Joaquim Leite, ministro do Meio Ambiente, também participou da abertura. Ele destacou que o Brasil tem cerca de 21 gigawatts de capacidade instalada para geração de energia eólica. Ou seja: 50% mais que a capacidade de usina hidrelétrica de Itaipu.

Além disso, Leite falou do potencial para a produção de energia eólica em alto-mar, por meio de geradores offshore: 700 gigawatts. Desse modo, 50 vezes mais que Itaipu. A região mais beneficiada seria a Nordeste, que poderia passar por um processo de industrialização.

A proposta do evento é promover o debate de propostas para a Conferência das Nações Unidas sobre a Mudança do Clima (COP27), marcada para ocorrer no mês de novembro, no Egito.

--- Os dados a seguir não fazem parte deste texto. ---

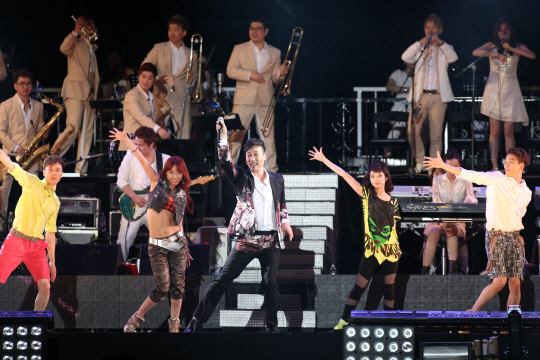 이문세는 1일 조용필 콘서트 현장과 약 6㎞ 떨어진 잠실주경기장에서 대형 콘서트 '대.한.민.국 이문세'를 열었다.
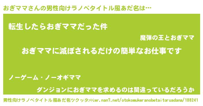 | 胡散臭い通販商品みたいなあだ名 | 『全米が絶賛したサプリメント…その名も「おぎママ」』 |
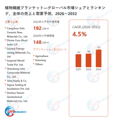 QY Research株式会社は「植物繊維ブランケット―グローバル市場シェアとランキング、全体の売上と需要予測、2026~2032」の調査レポートを発表しました。本レポートでは、植物繊維ブランケットの世界市場における売上高、販売数量、価格動向、市場シェア、主要企業ランキングを包括的に整理しています。
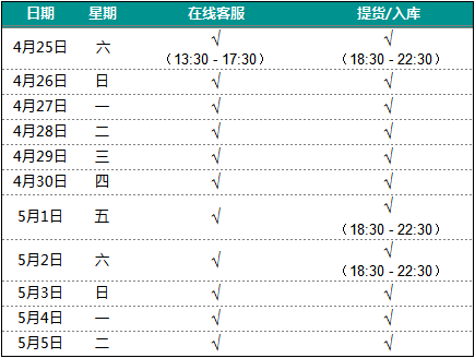 根據(jù)國家法定假日安排,結(jié)合我司運(yùn)營情況,勞動節(jié)假期服務(wù)安排如下:
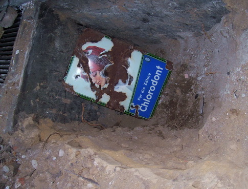 mit knapp 6 m wohl das größte und längste Schild von Chlorodont der Welt noch verschmutzt geht für ein Appel und ein Ei überm Ladentisch.
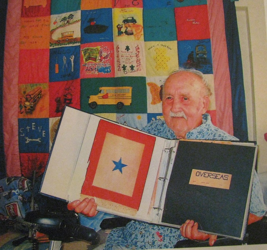 Former Staff Sgt. Steve Kruger holds a scrapbook of his service during World War II his late wife prepared for him. The scrapbook is opened to a “Service Flag” flown in the windows of millions of homes during the war. It signified the Kruger family had a child in the military. The quilt on the wall was a retirement present for working as a mechanic for two decades with the retirement present for working as a mechanic for two decades with the Hillsborough County School Transportation Department. Sun photo by Don Moore
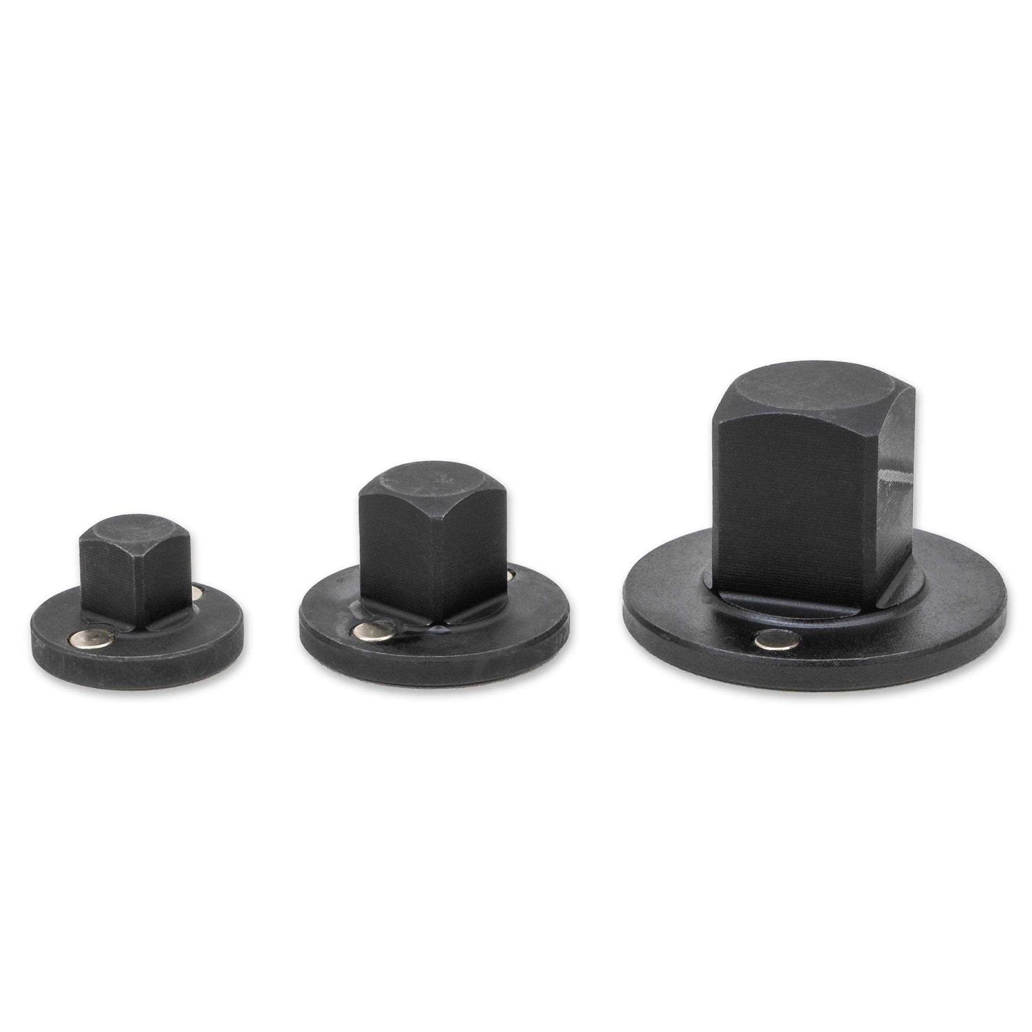 These unique socket adapters allow you to reduce the drive of your sockets without increasing your tool height. The low profile design allows for use in a wide range of applications. Allows you to reduce from 3/4″ drive to 1/2″, 1/2″ drive to 3/8″ or from 3/8″ drive to 1/4″ without making your ratchet and socket a lot higher than it is. Great for working in tight areas. These adapters feature a magnet retention device to keep them attached to the socket. Designed for impact or hand tool use. Made from high-strength, heat-treated Chrome Vanadium steel and are treated with a Manganese Phosphate coating to resist corrosion. Adapters can be stacked if additional drive reduction is needed. Comes in a set of 3pcs.
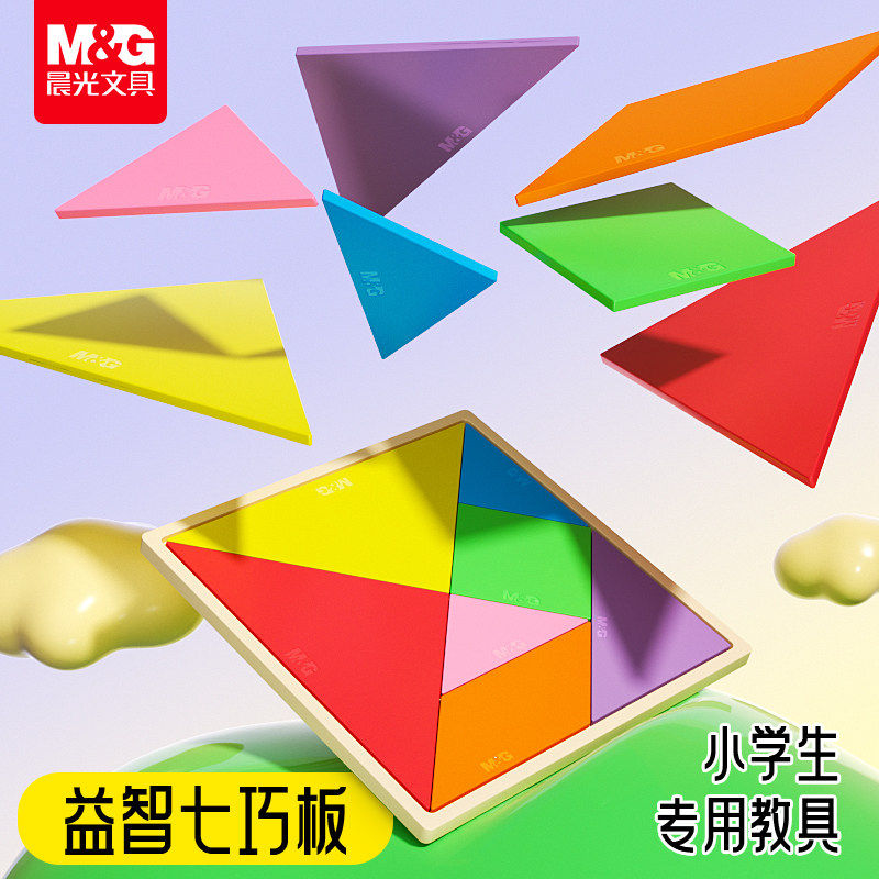 晨光磁力七巧板小学生专用一年级儿童拼图3到6岁数学智力益智教具正方体磁吸图形磁性钟表平面几何片玩具计数
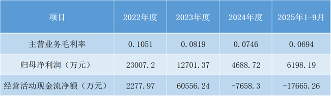 針對問詢函關(guān)注的經(jīng)營業(yè)績問題,公司披露,2022年至2025年1-9月,公司主營業(yè)務(wù)毛利率分別為10.51%、8.19%、7.46%和6.94%,呈逐步下滑趨勢;歸母凈利潤分別為2.30億元、1.27億元、0.47億元和0.62億元,波動特征顯著。
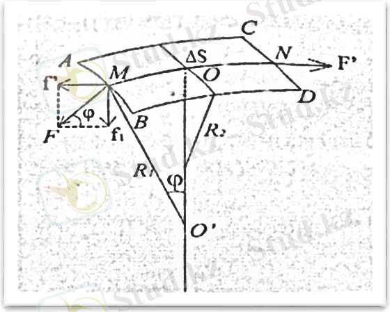 АВ және МО сызықтарында ОО' сызығымен қиылысқанша перпендикуляр жүргізіп, осы бағыттағы беттің қисықтық R 1 радиусын аламыз. Содан соң екінші қисықтық радиусы R 2 алу үшін BD сызығына ОО' сызығымен қиылысқанша перпендикуляр жүргіземіз. Қисықтық радиустары әртүрлі болғандағы жалпы жағдайды қарастырайық. F күшін ОО' сызығына параллель бағыттағы Р қысымын анықтайтын f 1 , күшке және осы күшке перпендикуляр біз қарастырып отырған жағдайда ескерілмейтін f' күшке жіктейміз. F және f’ арасындағы бұрышты ϕ арқылы (ϕ =< МО'О) белгілесек, төмендегі қатынастар шығады:

Na cerimônia de abertura de hoje também estavam presentes o embaixador-chefe da Delegação da União Europeia no Brasil, Ignacio Ybáñez; o presidente do Serviço Brasileiro de Apoio às Micro e Pequenas Empresas (Sebrae), Carlos Melles; e da deputada federal Carla Zambelli (PL-SP). Por videoconferência, também participou o embaixador do Egito no Brasil, Wael Aboulmagd.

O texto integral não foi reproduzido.